● **Exercise requirements**
Work through the listing below and give again exactly the lines from the one with "A felrobbant Margithíd roncsai" to the one with "Расми 32. Дар доруҳона.", both ends included. All other lines and all pictures stay out.

● **Provided information**
========
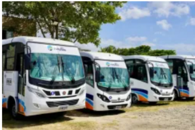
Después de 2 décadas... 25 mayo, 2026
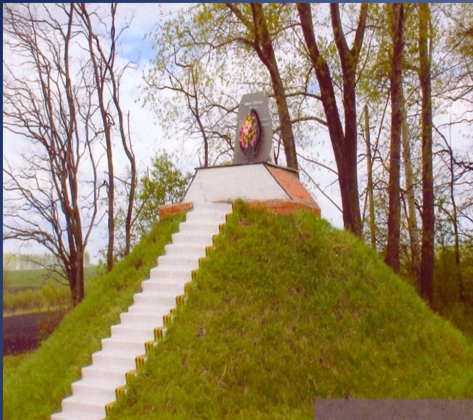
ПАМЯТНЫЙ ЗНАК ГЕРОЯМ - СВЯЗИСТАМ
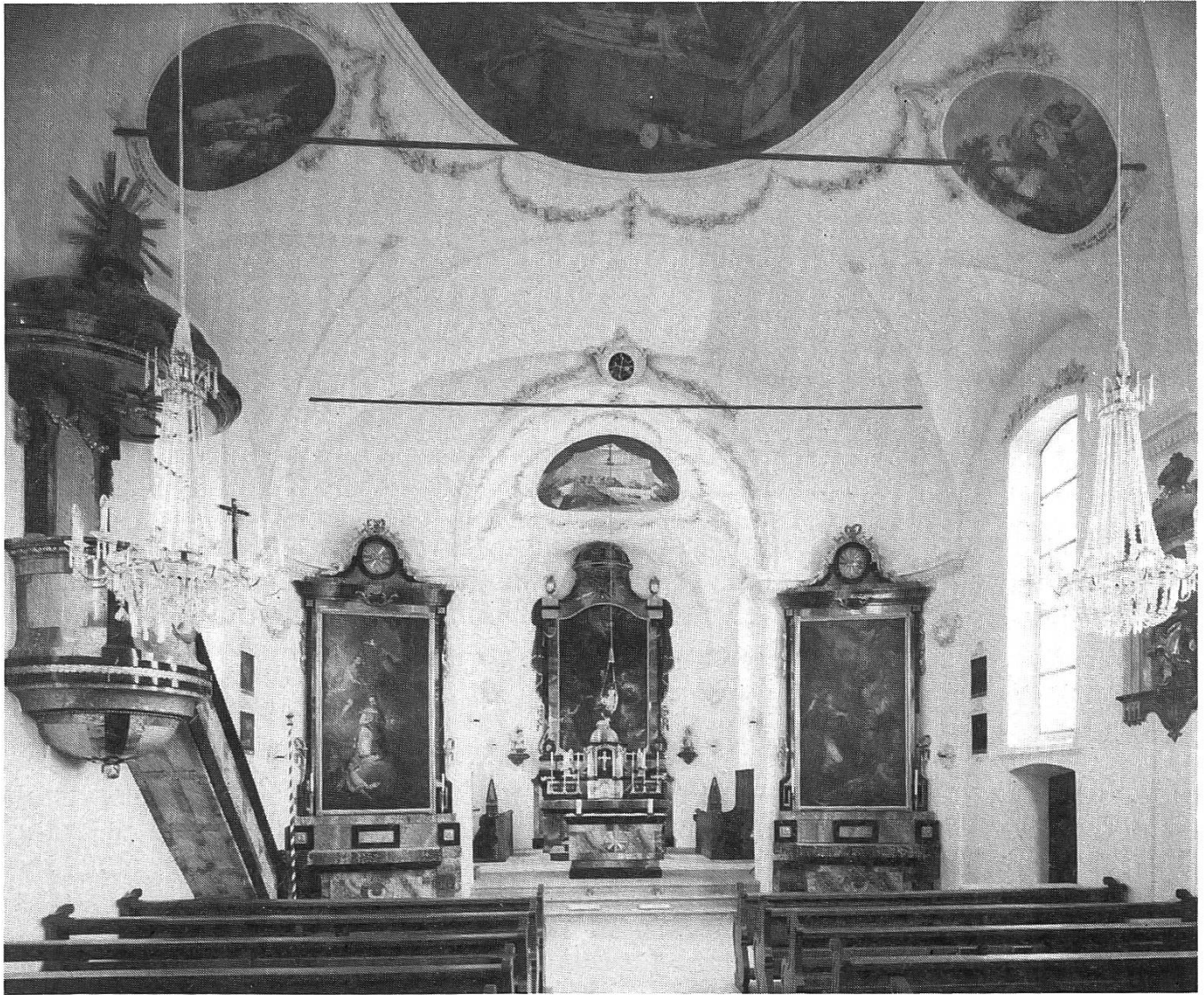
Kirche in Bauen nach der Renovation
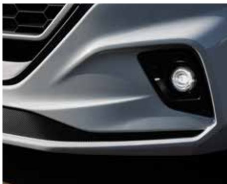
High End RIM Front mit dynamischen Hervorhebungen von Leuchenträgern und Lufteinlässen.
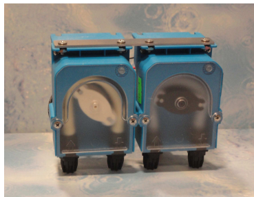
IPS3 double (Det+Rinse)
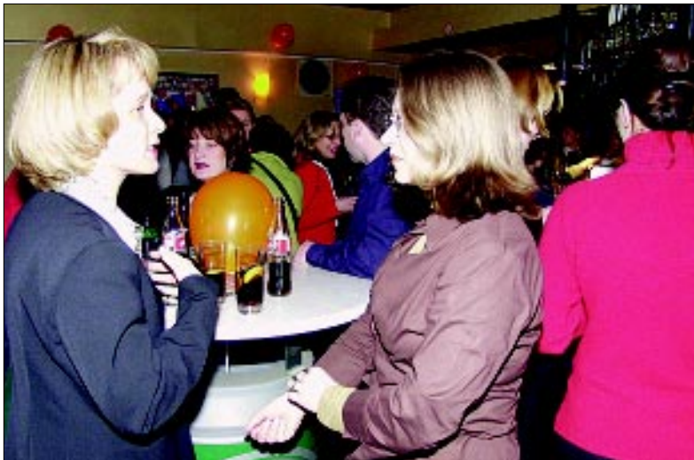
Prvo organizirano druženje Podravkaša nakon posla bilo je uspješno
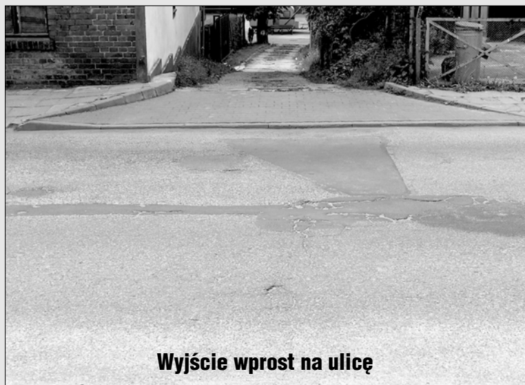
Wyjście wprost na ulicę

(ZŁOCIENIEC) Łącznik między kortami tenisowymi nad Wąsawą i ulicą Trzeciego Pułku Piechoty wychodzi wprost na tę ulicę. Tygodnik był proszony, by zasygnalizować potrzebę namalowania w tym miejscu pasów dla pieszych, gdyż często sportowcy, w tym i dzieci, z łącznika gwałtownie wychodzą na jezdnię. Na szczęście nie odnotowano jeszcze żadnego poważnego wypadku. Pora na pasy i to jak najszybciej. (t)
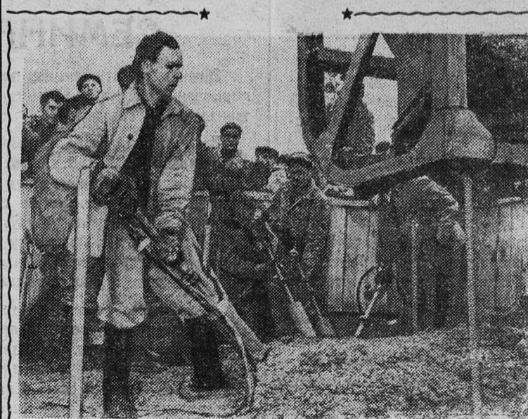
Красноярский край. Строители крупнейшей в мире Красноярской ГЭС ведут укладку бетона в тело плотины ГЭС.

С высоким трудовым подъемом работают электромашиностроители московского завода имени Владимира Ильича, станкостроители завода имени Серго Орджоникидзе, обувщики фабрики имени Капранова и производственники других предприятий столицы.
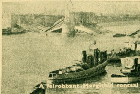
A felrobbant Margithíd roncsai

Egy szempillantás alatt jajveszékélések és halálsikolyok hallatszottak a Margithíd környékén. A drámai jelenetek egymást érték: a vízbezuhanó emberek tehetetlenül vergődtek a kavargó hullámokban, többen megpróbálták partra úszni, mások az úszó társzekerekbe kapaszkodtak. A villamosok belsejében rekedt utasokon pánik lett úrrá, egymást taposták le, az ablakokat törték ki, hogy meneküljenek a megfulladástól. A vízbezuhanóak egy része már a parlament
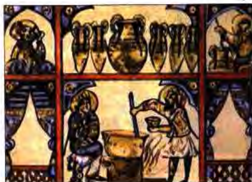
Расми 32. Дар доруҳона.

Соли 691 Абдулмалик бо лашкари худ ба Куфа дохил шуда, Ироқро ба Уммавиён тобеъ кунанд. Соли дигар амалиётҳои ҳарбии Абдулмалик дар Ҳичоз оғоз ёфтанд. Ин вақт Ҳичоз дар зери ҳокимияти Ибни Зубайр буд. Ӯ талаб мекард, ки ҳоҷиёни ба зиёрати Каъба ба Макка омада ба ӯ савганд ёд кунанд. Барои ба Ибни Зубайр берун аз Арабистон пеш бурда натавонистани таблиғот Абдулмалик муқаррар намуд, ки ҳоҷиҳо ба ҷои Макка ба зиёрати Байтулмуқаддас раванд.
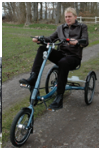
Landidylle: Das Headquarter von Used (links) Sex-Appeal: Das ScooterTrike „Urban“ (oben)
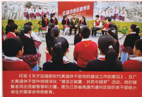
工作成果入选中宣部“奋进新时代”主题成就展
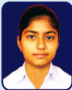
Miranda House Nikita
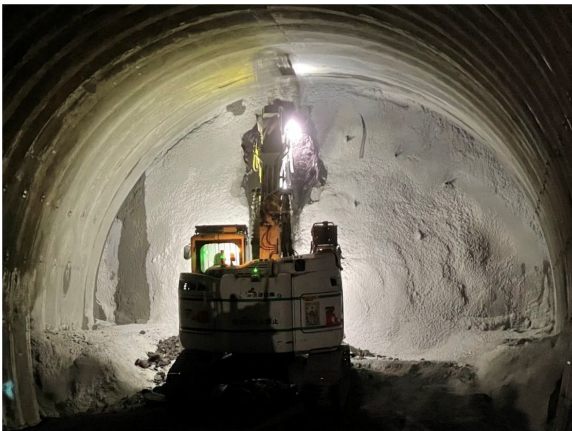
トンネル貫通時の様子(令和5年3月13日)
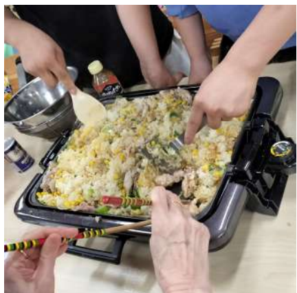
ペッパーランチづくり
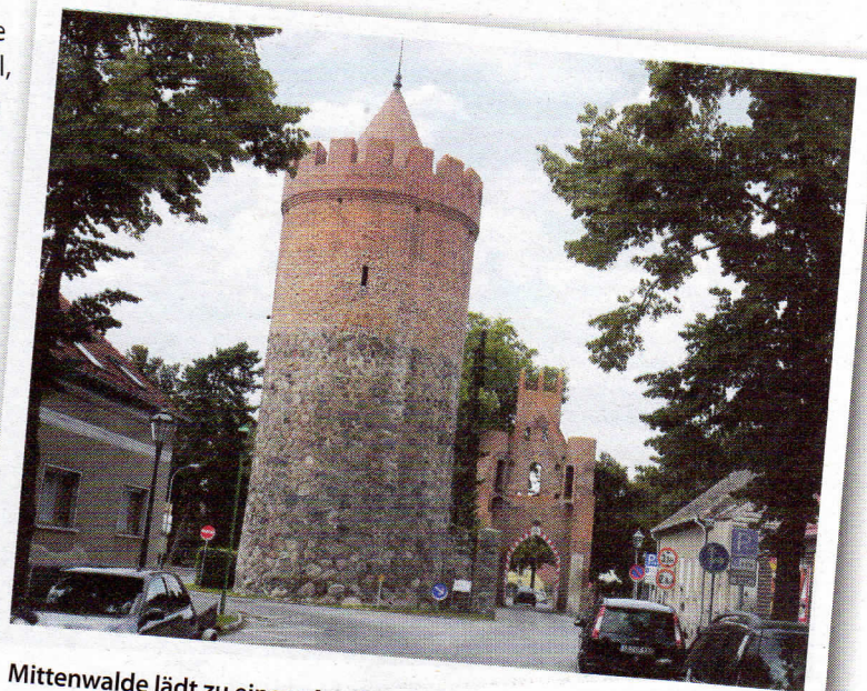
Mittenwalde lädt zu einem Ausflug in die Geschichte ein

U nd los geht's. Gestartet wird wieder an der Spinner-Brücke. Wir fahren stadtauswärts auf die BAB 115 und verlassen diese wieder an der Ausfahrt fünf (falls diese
========
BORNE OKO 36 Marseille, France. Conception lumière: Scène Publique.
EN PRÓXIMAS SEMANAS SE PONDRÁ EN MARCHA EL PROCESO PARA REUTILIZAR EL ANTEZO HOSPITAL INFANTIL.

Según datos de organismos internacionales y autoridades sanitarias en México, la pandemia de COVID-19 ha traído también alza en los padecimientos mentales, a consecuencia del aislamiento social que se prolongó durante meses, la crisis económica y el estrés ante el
========
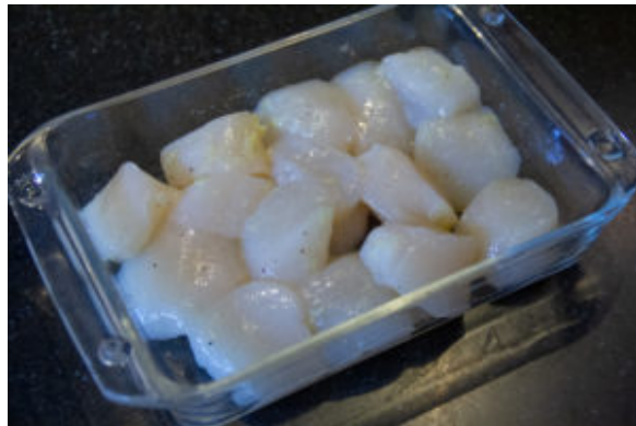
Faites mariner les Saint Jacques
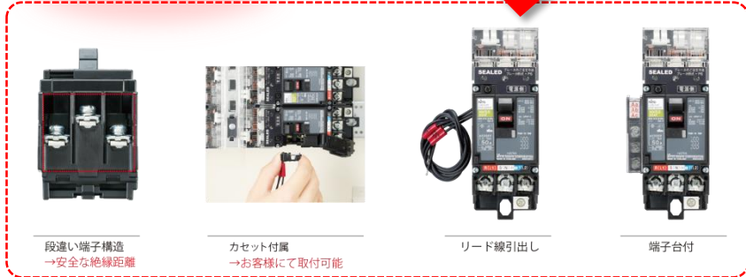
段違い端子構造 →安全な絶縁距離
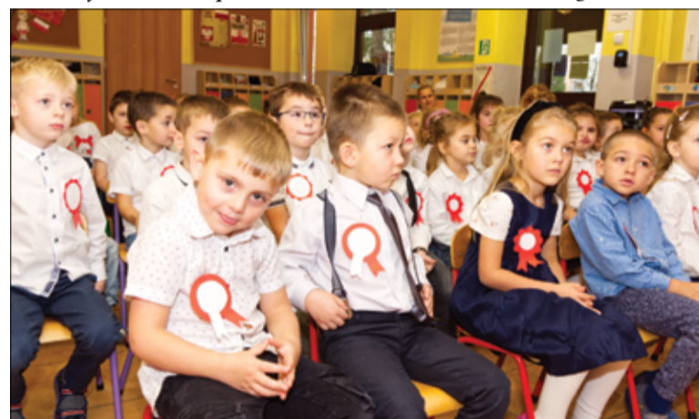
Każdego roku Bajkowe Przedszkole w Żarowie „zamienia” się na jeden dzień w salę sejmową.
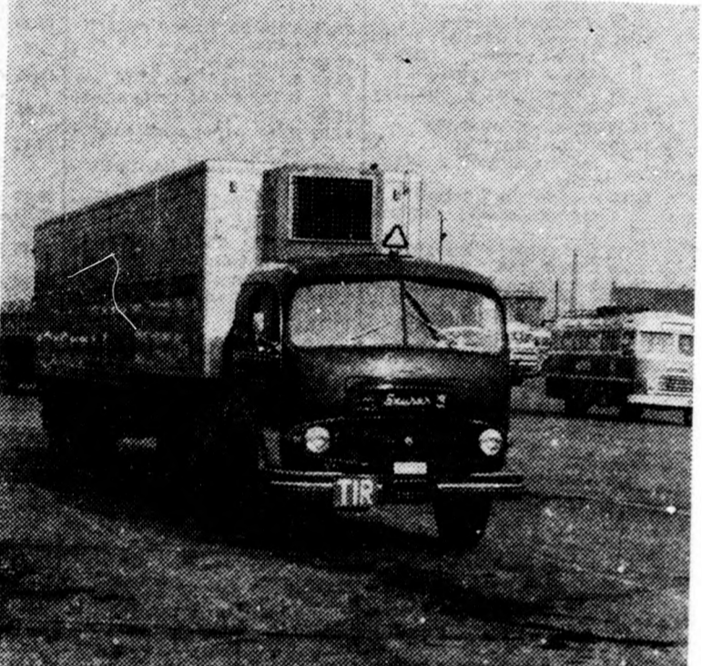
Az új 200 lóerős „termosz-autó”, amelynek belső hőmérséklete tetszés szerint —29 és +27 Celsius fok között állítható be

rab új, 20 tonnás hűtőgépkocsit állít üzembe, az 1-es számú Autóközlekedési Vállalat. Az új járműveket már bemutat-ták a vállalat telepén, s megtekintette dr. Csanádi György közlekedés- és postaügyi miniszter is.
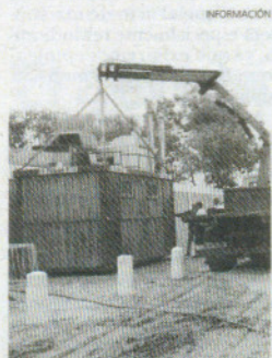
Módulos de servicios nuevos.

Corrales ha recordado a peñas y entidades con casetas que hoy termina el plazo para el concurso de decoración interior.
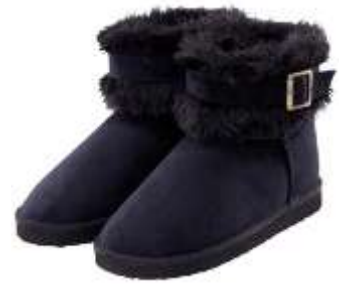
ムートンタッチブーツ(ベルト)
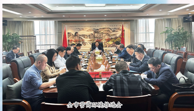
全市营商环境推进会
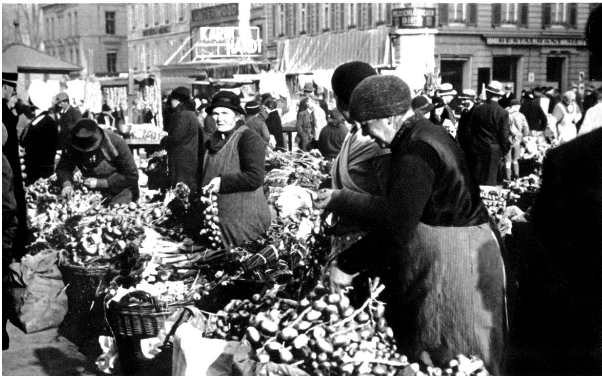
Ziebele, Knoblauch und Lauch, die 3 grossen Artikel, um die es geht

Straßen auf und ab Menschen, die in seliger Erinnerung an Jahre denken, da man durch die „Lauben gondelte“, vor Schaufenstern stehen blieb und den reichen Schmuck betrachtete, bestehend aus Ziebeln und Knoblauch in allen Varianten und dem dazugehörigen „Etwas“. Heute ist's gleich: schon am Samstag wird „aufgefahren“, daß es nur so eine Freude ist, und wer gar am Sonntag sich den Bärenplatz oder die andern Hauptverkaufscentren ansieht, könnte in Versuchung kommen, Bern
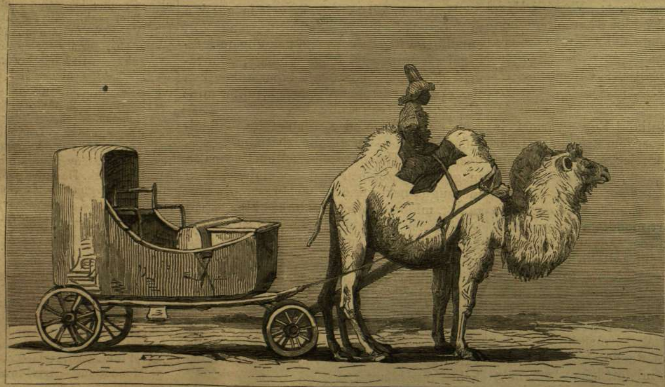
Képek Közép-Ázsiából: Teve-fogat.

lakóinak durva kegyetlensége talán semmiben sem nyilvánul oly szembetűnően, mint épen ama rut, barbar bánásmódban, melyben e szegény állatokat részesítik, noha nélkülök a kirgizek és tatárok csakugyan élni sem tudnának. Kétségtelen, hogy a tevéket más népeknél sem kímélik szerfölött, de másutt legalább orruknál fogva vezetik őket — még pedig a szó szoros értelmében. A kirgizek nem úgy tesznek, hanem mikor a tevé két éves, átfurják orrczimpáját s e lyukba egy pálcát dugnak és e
========
● **Your solution**
A felrobbant Margithíd roncsai

Egy szempillantás alatt jajveszékélések és halálsikolyok hallatszottak a Margithíd környékén. A drámai jelenetek egymást érték: a vízbezuhanó emberek tehetetlenül vergődtek a kavargó hullámokban, többen megpróbálták partra úszni, mások az úszó társzekerekbe kapaszkodtak. A villamosok belsejében rekedt utasokon pánik lett úrrá, egymást taposták le, az ablakokat törték ki, hogy meneküljenek a megfulladástól. A vízbezuhanóak egy része már a parlament
Расми 32. Дар доруҳона.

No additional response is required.